Several possible ways to use a CMS for or within a portal come to mind. The first and most important question is: who gets a request first - CMS or application server? And who assembles the results into the firnal form? And how is the content coming from the application server represented in the CMS (tooling etc.)? Does the application server deliver only presentation-less results, e.g XML streams? Or do both, CMS and application server extract results in XML and then somebody assembles the results to a personalized page? This would circumvent the advanced caching capabilities of the CMS.

Figure 8.1.

Chapter 9. Heterogeneous and Distributed Searching

Because auf its dynamic nature a personalized portal that integrates applications and various backend services in realtime has its problems providing a top level search facility. Much of the discussions in this chapter draws from an article on the future of internet search by Axel Uhl.

The surface web and the deep web

Uhl differentiates between static web pages (surface web) and dynamically generated pages (sometimes within a session context) or dynamic queries (deep web). Regular search engines cannot access content in the deep web, because the content returned from HTTP POST requests is not indexable (it does not have a URL). This content grows at a frightening rate and is already now more than 500 times bigger than what's available on the surface web. Uhl suggests applications to offer a query interface that can be used by a search framework to map a top level query to different underlying applications and data sources. The keywords here are heterogeneous and distributed search.

From an enterprise portal point of view it would be nice being able to offer a) a top level global search across all services b) a site directory, generated, that allows browsing type access to all information

There is of course the problem of mapping a fragment based architecture to a search mechanism. Here so called "topics" - kind of "canned queries" could offer a solution. But the biggest and still unsolved problem is the definition of the information model for the portal.

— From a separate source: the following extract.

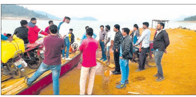
୩୦ ବର୍ଷ ହେଲା ଡ୍ୟାମର ଉଦ୍ଧାର ପାଇଁ ପ୍ରସ୍ତୁତ ହୋଇଥିବା ଲାଲପ୍ ଜ୍ୟାକେଟ ପିନ୍ଧିବା ପାଇଁ ଲୋକମାନଙ୍କୁ ସଚେତନ କରାଯାଇଛି।

ଦଶମକ୍ରମରେ ଲାଲପ୍ ଜ୍ୟାକେଟ ପିନ୍ଧିବା ପାଇଁ ଲୋକମାନଙ୍କୁ ସଚେତନ କରାଯାଇଛି। ଡ୍ୟାମର ଉଦ୍ଧାର ପାଇଁ ପ୍ରସ୍ତୁତ ହୋଇଥିବା ଲାଲପ୍ ଜ୍ୟାକେଟ ପିନ୍ଧିବା ପାଇଁ ଲୋକମାନଙ୍କୁ ସଚେତନ କରାଯାଇଛି।

A different problem is performance: In the chapters above we have shown how backend access affects performance negatively. Offering a search mechanism can easily conflict with the approach of minimizing backend access. So where does a top level search really work from? The performance problem mirrors the one Uhl has diagnosed for internet search in general: a centralized index causes bandwidth problems (content has to come to the search engine) and performance problems (the query itself is not distributed to the sources and the sources cannot work on it concurrently). Last but not least do we need a mechanism to cache query results (see the IBM Watson paper on this topic).

Architecture

Uhl suggests an object oriented architecture with the following interfaces:

Figure 9.1.

This would result a portal search architecture:

Figure 9.2.

Chapter 10. Mining the Web-House

This chapter totally reverses our point of view: from building a portal to sell services and products to collecting information about customers during their visits. Both views are - and that is one of the greater problems - highly connected: A portal is at the same time an offer (information, services or products) and a measuring tool. But the measurements are again dependent on the content that is offered by the portal - supposedly adjusted after the measurments have been analyzed and the results have flown back into the portal. But the two roles of a portal are very different with respect to the technology used and the persons involved: The "output" side is all real-time and driven by business ideas. The input side needs much more time for analysis and is usually done by special analysts and specialists for data-mining and data-warehouses.

Purpose

The purpose of this chapter is to clarify the why and how of integrating a data-warehouse with the enterprise portal. Not to provide an introduction to data-warehouses or data-mining in general. Examples of analytics run in the warehouse serve only the purpose to define informations needed from the portal.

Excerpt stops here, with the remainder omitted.